(Items from a data source)
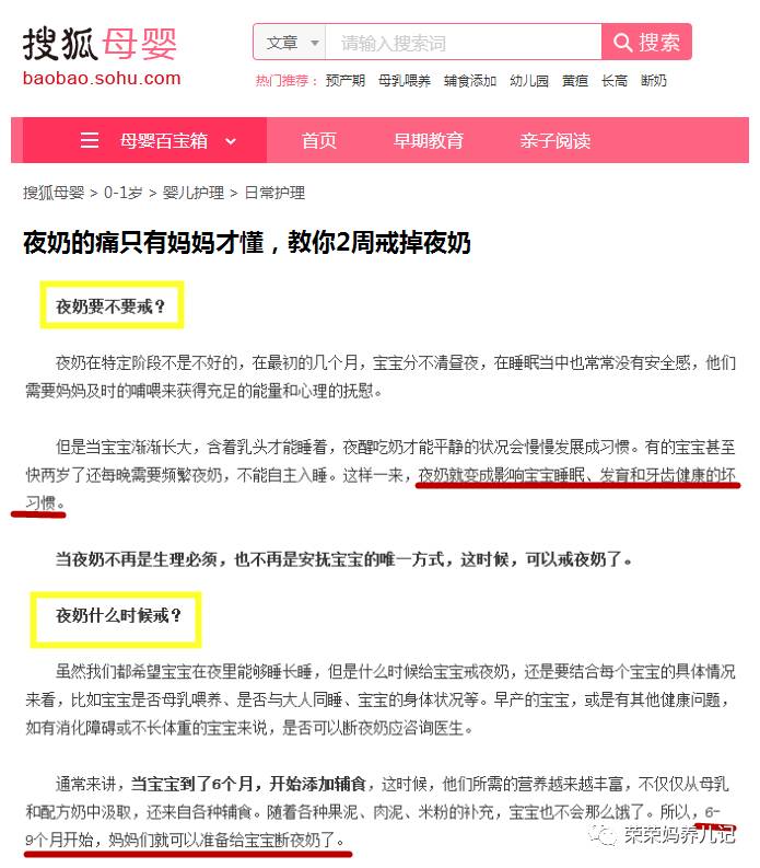 而另外一篇则持完全相反的观点,认为夜奶会影响睡眠,长期夜奶会琳令宝宝养成不好的睡眠习惯,频繁夜奶也会引发龋齿,建议半岁以后就可以着手戒掉夜奶。
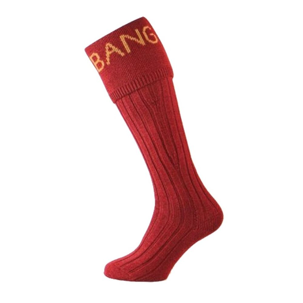 Quality long stockings in red with yellow "Bang Bang" type. 50% wool, 50% acrylic mix.
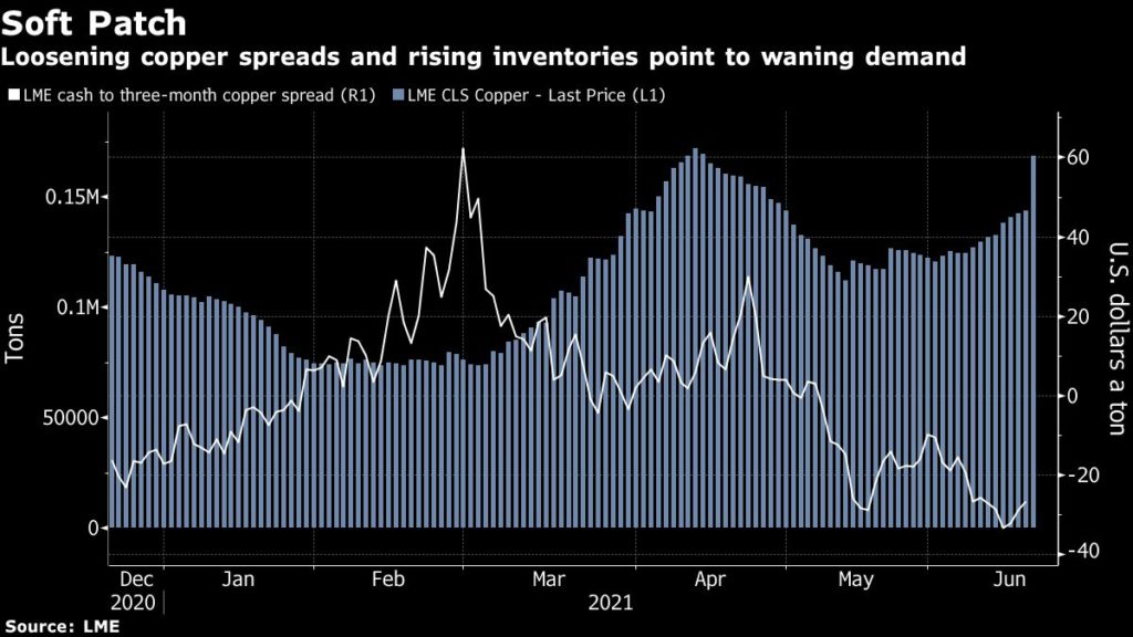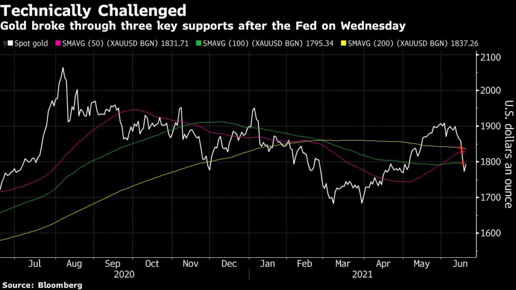Although the precious metal is often bought as a hedge against inflation, the Fed signaled this week that higher-than-expected inflation would not be allowed to persist, opening up the door for faster stimulus tapering. That weighs on the appeal of non-interest bearing gold. UBS Group AG forecasts prices at $1,600 an ounce by year-end, compared with about $1,780 now.
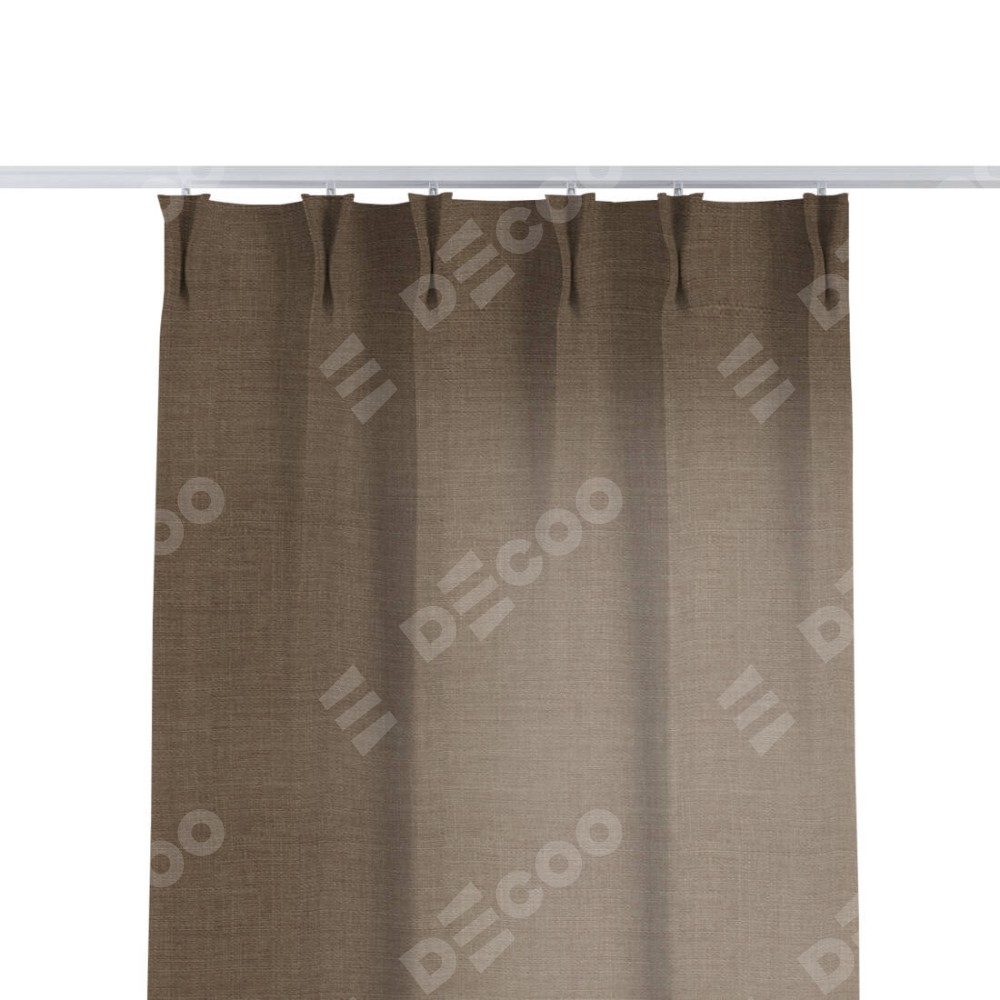 Комплект прямых штор, от производителя «Cortin», пошиты из ткани лён мокко, артикул ткани 7444. С изнаночной стороны в верхней части штор пристрачивается шторная лента с декоративными складками «Кустик». Для создания элегантных складок прямые шторы шьются по стандарту с коэффициентом 1:2 (на 100 см. ширины проёма 200 см. ширины ткани).
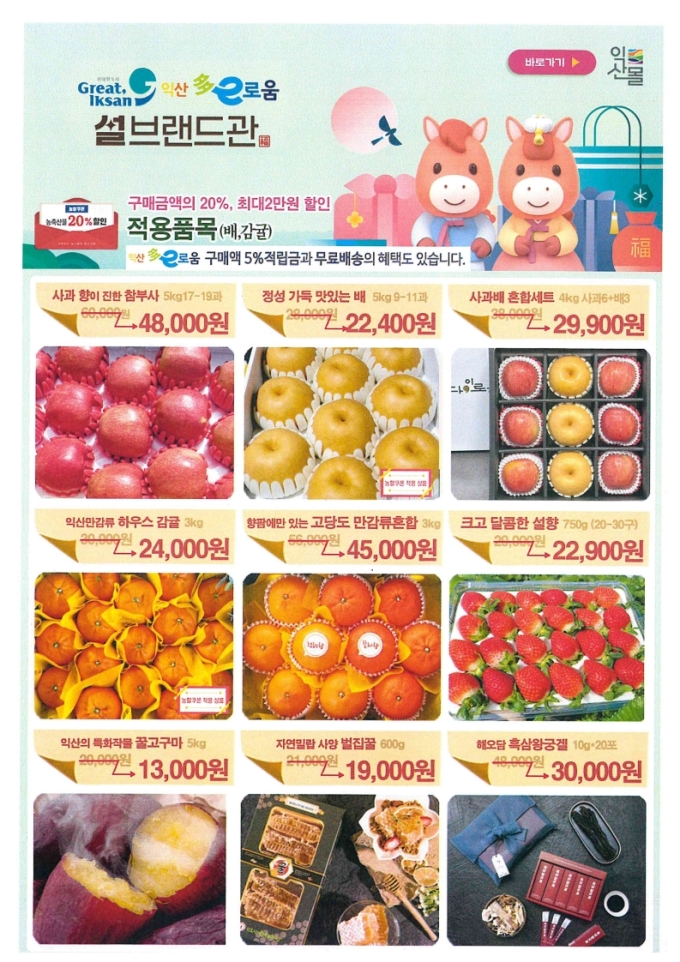 행사 기간 익산몰 회원을 대상으로 최대 20% 할인 혜택이 제공되며, 구매 금액의 5%를 포인트로 적립해 준다. 이와 함께 전국 무료배송을 지원해 설 명절 선물을 보다 편리하게 준비할 수 있도록 했다.
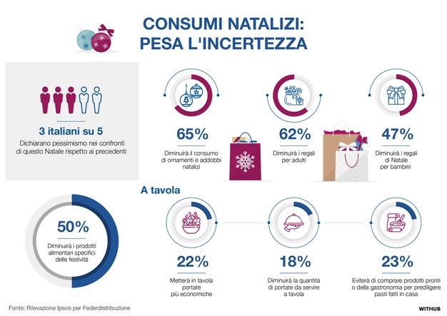 "Gli italiani, a causa del difficile contesto economico che stiamo vivendo, prevedono di ridurre sensibilmente i consumi legati al periodo natalizio: il 65% dichiara di voler diminuire l'acquisto di ornamenti e addobbi natalizi, il 62% spenderà meno per fare regali destinati a persone adulte, il 50% taglierà l'acquisto di prodotti alimentari tipici delle festività e il 47% ridurrà la spesa dedicata ai regali per i bambini. Un quadro preoccupante, che potrebbe anticipare l'inizio di un periodo di vera e propria crisi dei consumi nei primi mesi del 2023. Per questo è urgente che il Governo dia priorità al sostegno delle imprese e delle famiglie, tutelando specialmente le fasce a reddito più basso, per prevenire un rallentamento della domanda interna che potrebbe minacciare le prospettive economiche del sistema Paese" conclude Buttarelli.
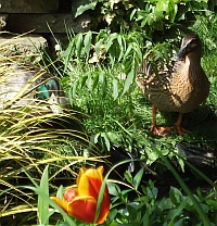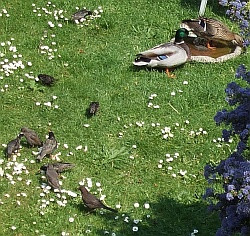 6th March - Mischief, Fun and Charity I was thinking since a while on how to bring our 'Mischief Activities' together with charity. One idea I already had with having 'day outs' for the race days of Race for Life. And now I stumbled across a local charity which might be worthwhile exploring. The Elisabeth Hospiz is doing great stuff although I think we will have to plan those activities carefully, as we don't want to burn our sponsor base by asking for money too often. However, check it out and let me know what you think! What else is new? Well, it truly is spring now! Our ducks are back. Last year a duck couple visited our pond. Due to cats they didn't seem to be keen on breeding, but they surely enjoyed the breakfast and in late spring the dinner as well. When I first saw them I couldn't believe my eyes! Our pond is a tiny goldfish and frog overstocked thing, and these guys are huge. They need about 3 strokes to get through the whole pond. However, they are proudly cruising it back and forth. Just to give you an idea of the proportions -
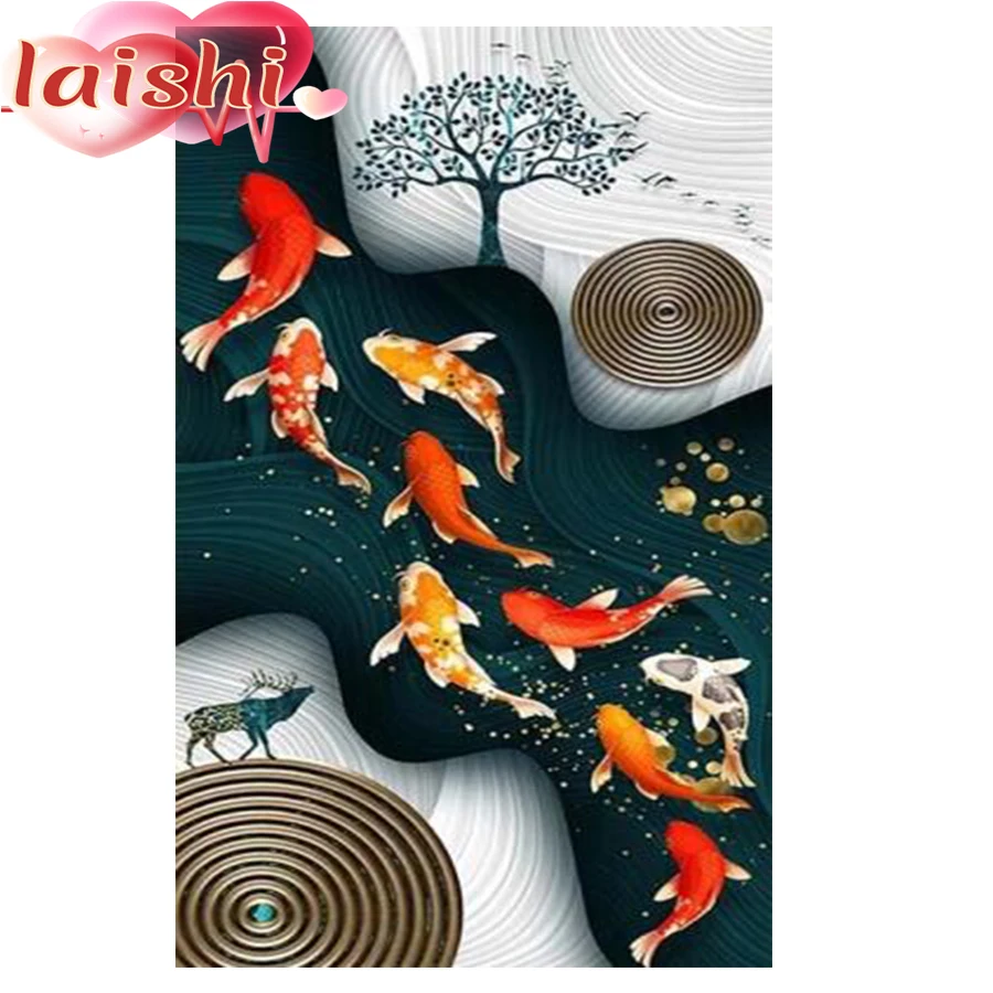 5D алмазная живопись, абстрактная Золотая Рыба, полная круглая дрельквадратная вышивка крестиком, алмазная вышивка сделай сам, мозаика, домашний декор
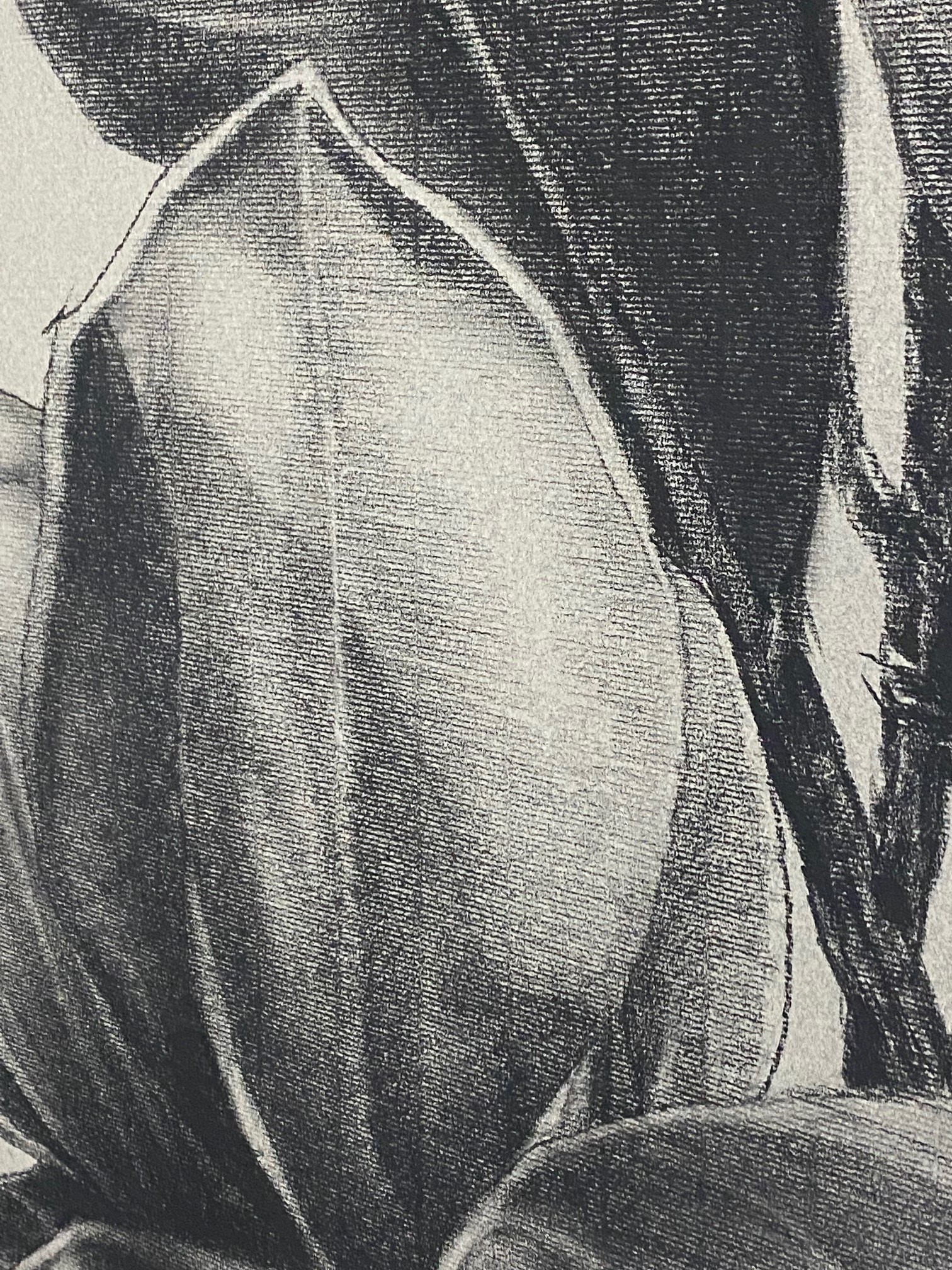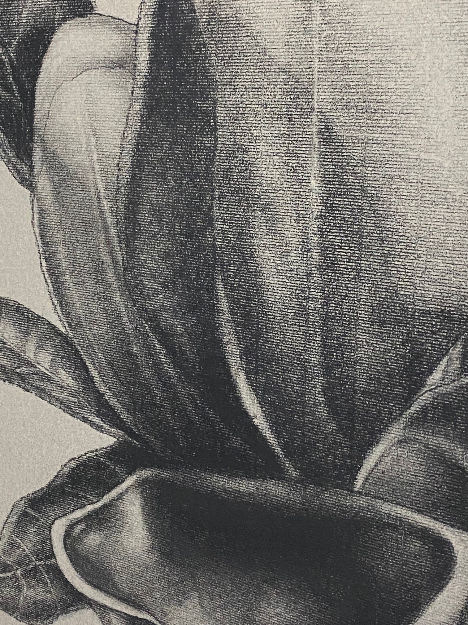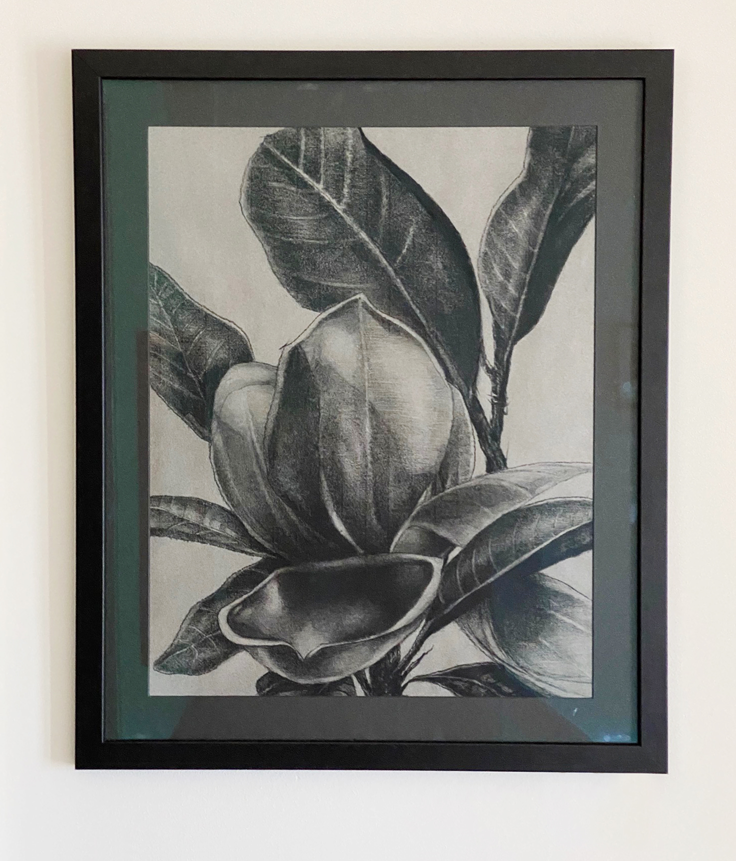 Charcoal on Canson paper. Evergreen magnolia from our garden. Professionally matted and framed.

-- What the exercise asks --
Could you restate all of the data above word for word and skip every picture?

-- Answer --
 而另外一篇则持完全相反的观点,认为夜奶会影响睡眠,长期夜奶会琳令宝宝养成不好的睡眠习惯,频繁夜奶也会引发龋齿,建议半岁以后就可以着手戒掉夜奶。
 Quality long stockings in red with yellow "Bang Bang" type. 50% wool, 50% acrylic mix.
Although the precious metal is often bought as a hedge against inflation, the Fed signaled this week that higher-than-expected inflation would not be allowed to persist, opening up the door for faster stimulus tapering. That weighs on the appeal of non-interest bearing gold. UBS Group AG forecasts prices at $1,600 an ounce by year-end, compared with about $1,780 now.
 Комплект прямых штор, от производителя «Cortin», пошиты из ткани лён мокко, артикул ткани 7444. С изнаночной стороны в верхней части штор пристрачивается шторная лента с декоративными складками «Кустик». Для создания элегантных складок прямые шторы шьются по стандарту с коэффициентом 1:2 (на 100 см. ширины проёма 200 см. ширины ткани).
 행사 기간 익산몰 회원을 대상으로 최대 20% 할인 혜택이 제공되며, 구매 금액의 5%를 포인트로 적립해 준다. 이와 함께 전국 무료배송을 지원해 설 명절 선물을 보다 편리하게 준비할 수 있도록 했다.
 "Gli italiani, a causa del difficile contesto economico che stiamo vivendo, prevedono di ridurre sensibilmente i consumi legati al periodo natalizio: il 65% dichiara di voler diminuire l'acquisto di ornamenti e addobbi natalizi, il 62% spenderà meno per fare regali destinati a persone adulte, il 50% taglierà l'acquisto di prodotti alimentari tipici delle festività e il 47% ridurrà la spesa dedicata ai regali per i bambini. Un quadro preoccupante, che potrebbe anticipare l'inizio di un periodo di vera e propria crisi dei consumi nei primi mesi del 2023. Per questo è urgente che il Governo dia priorità al sostegno delle imprese e delle famiglie, tutelando specialmente le fasce a reddito più basso, per prevenire un rallentamento della domanda interna che potrebbe minacciare le prospettive economiche del sistema Paese" conclude Buttarelli.
 6th March - Mischief, Fun and Charity I was thinking since a while on how to bring our 'Mischief Activities' together with charity. One idea I already had with having 'day outs' for the race days of Race for Life. And now I stumbled across a local charity which might be worthwhile exploring. The Elisabeth Hospiz is doing great stuff although I think we will have to plan those activities carefully, as we don't want to burn our sponsor base by asking for money too often. However, check it out and let me know what you think! What else is new? Well, it truly is spring now! Our ducks are back. Last year a duck couple visited our pond. Due to cats they didn't seem to be keen on breeding, but they surely enjoyed the breakfast and in late spring the dinner as well. When I first saw them I couldn't believe my eyes! Our pond is a tiny goldfish and frog overstocked thing, and these guys are huge. They need about 3 strokes to get through the whole pond. However, they are proudly cruising it back and forth. Just to give you an idea of the proportions -
 5D алмазная живопись, абстрактная Золотая Рыба, полная круглая дрельквадратная вышивка крестиком, алмазная вышивка сделай сам, мозаика, домашний декор
 Charcoal on Canson paper. Evergreen magnolia from our garden. Professionally matted and framed.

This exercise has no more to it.